Some of the more popular and abundant sources include chamomile tea grapefruits, onions, oranges and some spices such as parsley. and is also found in higher levels (relative to other foods) in celery, yarrow, tarragon, cilantro, foxglove, coneflower, licorice, flax, passion flower, horehound, spearmint, basil, and oregano. It is also found in red wine and beer and is an active ingredient in the memory herb Gingko Biloba. Chamomile is approximately 0.8-1.2% apigenin by weight.
Apigenin itself is a low molecular weight (270.24) with a very high melting point (347.5) It is very insoluble in water by itself, but can become soluble in dilute potassium hydrochloride or DimethylSulfoxide (DMSO). The food borne apigenin, apigenin-7-O-glucoside, has increased water solubility via its carbohydrate containing bond. Chemicular apigenin is highly unstable, although the food bound sources are more stable in normal environments.
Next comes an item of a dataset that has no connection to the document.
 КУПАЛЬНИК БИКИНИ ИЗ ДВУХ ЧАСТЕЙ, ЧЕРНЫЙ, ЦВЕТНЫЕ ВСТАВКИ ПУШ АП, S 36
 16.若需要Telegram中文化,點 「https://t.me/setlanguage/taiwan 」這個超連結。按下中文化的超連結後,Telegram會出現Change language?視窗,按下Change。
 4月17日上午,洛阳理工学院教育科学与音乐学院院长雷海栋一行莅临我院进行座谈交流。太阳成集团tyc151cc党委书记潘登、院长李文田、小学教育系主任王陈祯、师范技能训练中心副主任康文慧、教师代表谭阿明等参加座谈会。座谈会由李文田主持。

A glycoside is a term used to refer to a molecule connected to sugar molecules. Glycosides tend to exist in plants as a storage form, and upon human consumption they can either be hydrolyzed into the molecule and sugars (two separate things to make note of) or remain bound together. For example, Cyanidin is a molecule while Cyanidin-3-O-Glucoside is a glycoside thereof that has some unique properties and can be detected in the blood after oral ingestion
Glycoside is a term that does not discriminate the sugar in concern, whereas the term glucoside may be used to refer to the same thing if the sugar is glucoseApigenin-7-O-Apiosylglucoside (Apigenin bound at the 7-carbon to a glucose which is then bound to apiose, a pentacyclic sugar)
Apigenin bound to a glucose molecule at the 8 carbon is known as Vitexin, with the full name of Apigenin-8-O-glucoside.
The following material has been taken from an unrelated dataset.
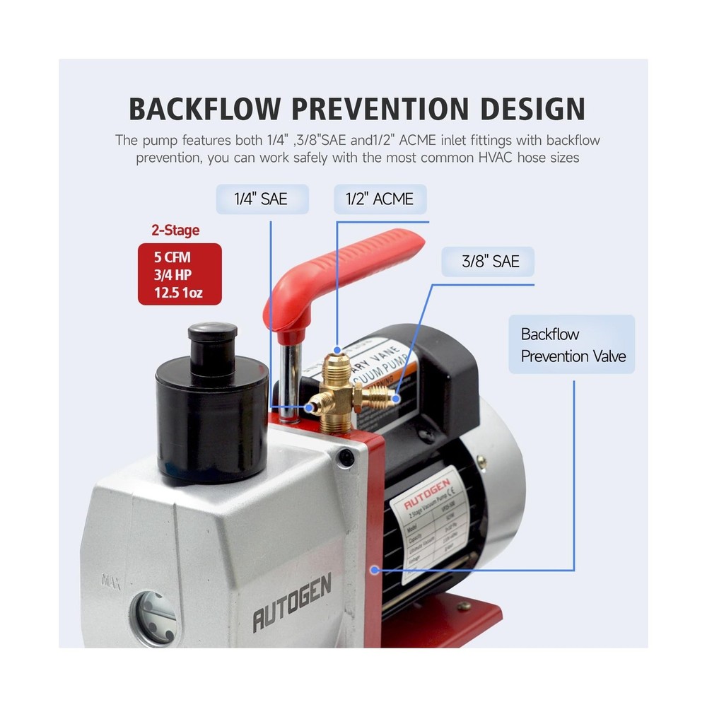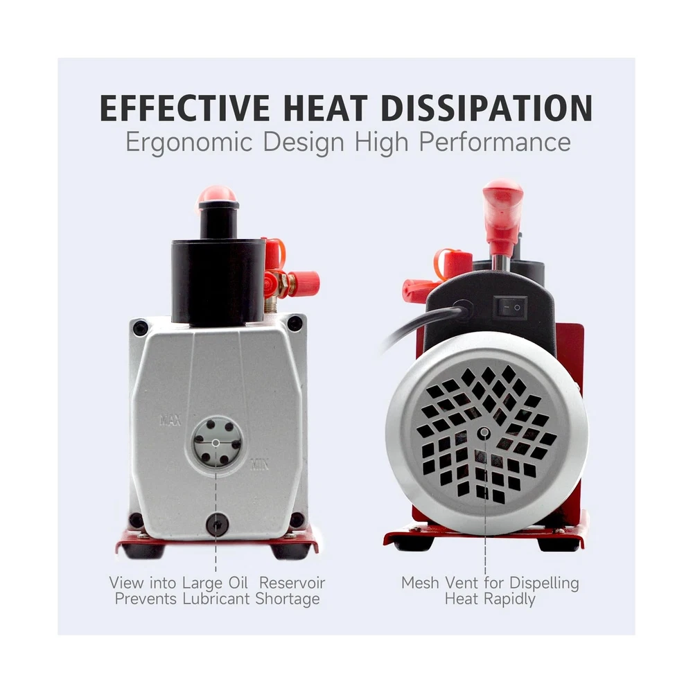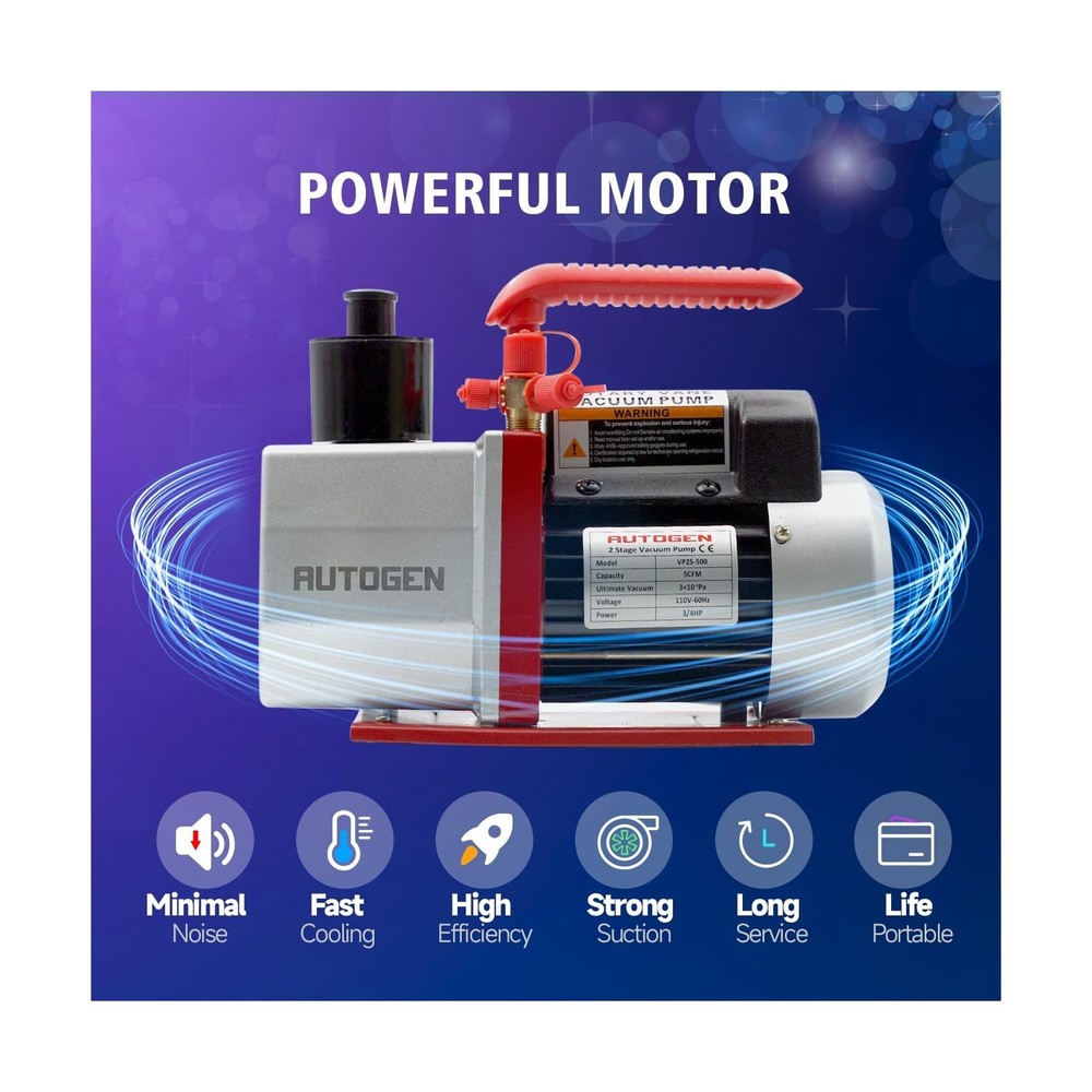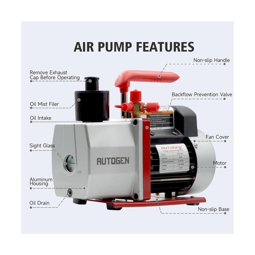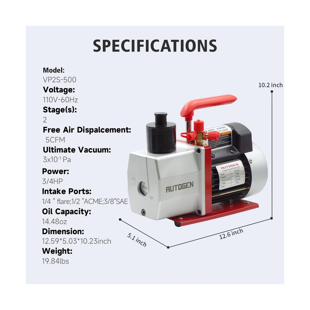 2-Stage Air Vacuum Pump 5CFM 3/4HP 0.3 Pa for HVAC/AUTO AC Refrigerant Recharging, Degassing Wine, Milking Cow, Food Processing Description 1 Features: Rotary Vane Vacuum PumpIntake Ports: 1/4" flare, 1/2" ACME, 3/8" SAE, Free Air Displacement(FAD): 5CFM, Power: 3/4HP, Voltage/Frequency: 110/60HZ, Ultimate Vacuum: 0.3 PA, Oil Capacity: 14.48oz, Non-Slip Cushion Handle. Convenient To OperateFeatures a simple oil fill port for a clean pour, oil window provides vital information like oil level and oil quality. The design of a great starting moment is easy for starting and high efficiency, which can keep it working perfectly even is lower ambient temperature and lower volt. 1/4", 1/2" and 3/8" ports allow fast and easy servicing of automotive and other low-tonnage R12, R22, R134a, and R410a systems. Environment Protecting DesignThe tank is separated and there are separating devices at the exhaust port. It can effective avoid oil spraying and erduce pollution. Wide ApplicationThe Air Vacuum Pump is applicable to vacuum packaging, vacuum freezing, automobile reparation, gas analysis, medicine mechanism, printing mechanism, and other vacuum evacuations. Product Details: Manufacturer: Maipade Part Number: BK5C-2S Item Weight: 16 pounds Package Dimensions: 15 x 13 x 7 inches Batteries Included?: No Batteries Required?: No Date First Available: May 12, 2025 Delivery We Do Not Ship Outside of the Continental US. Return Policy All items qualify for returns within 30 days of receipt. Buyer is responsible for return shipping on any item that is not damaged. Feedback We take our reputation seriously, we buy and sell online, so we understand the value of trust. If you are unsatisfied with your order, please contact us and we will work with you to resolve it to your satisfaction.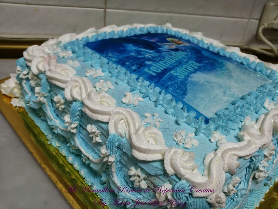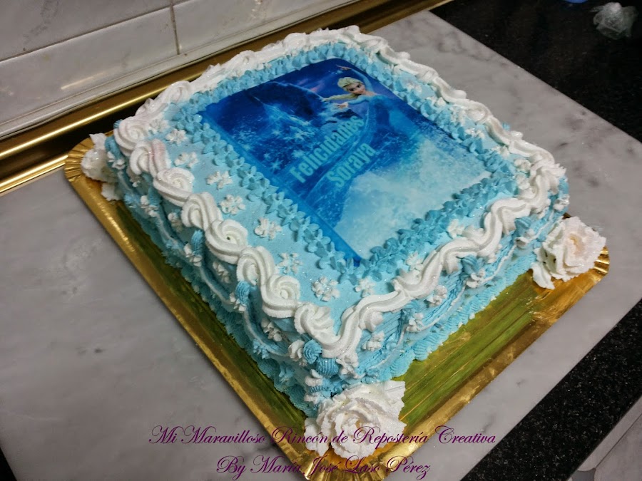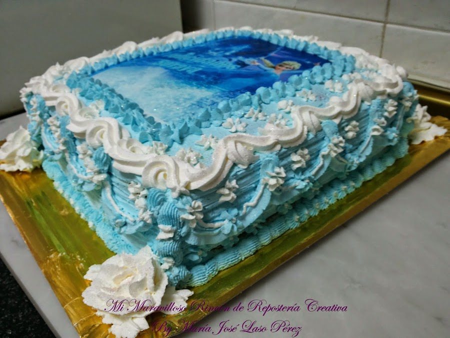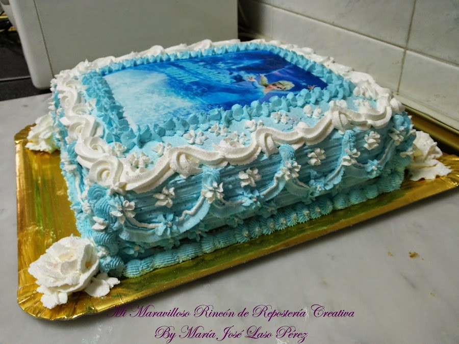 El año pasado también le hice su tarta de FROZEN (si quieres verla pincha aquí). No era fácil volver a hacerle otra tarta del mismo tema, no quería volver a repetirme. A mi niña le gusta la nata (crema de leche) como a mí y decidí hacérsela de nata (crema de leche), eso estaba claro.

Apigenin-7-O-Glucoside is known as Apigentrin.
Apigenin bound to a glucose molecule at the 6 carbon yields Apigenin-6-O-Glucoside and is also known as Isovitexin, homovitexin, or saponaretin.
Isovitexin can be further bound to another glucose at the 7 carbon to create Apigenin-6,7-Diglucoside, also known as Saponarin.
Apigenin bound to Neohesperidose (a disaccharide of Rhamnose and Glucose bound via an oxygen) results in a compound known as Rhoifolin
7-Methoxyapigenin is a molecule where the hydroxyl (-OH) group at the 7-carbon is replaced by a methoxy group (-OCH3).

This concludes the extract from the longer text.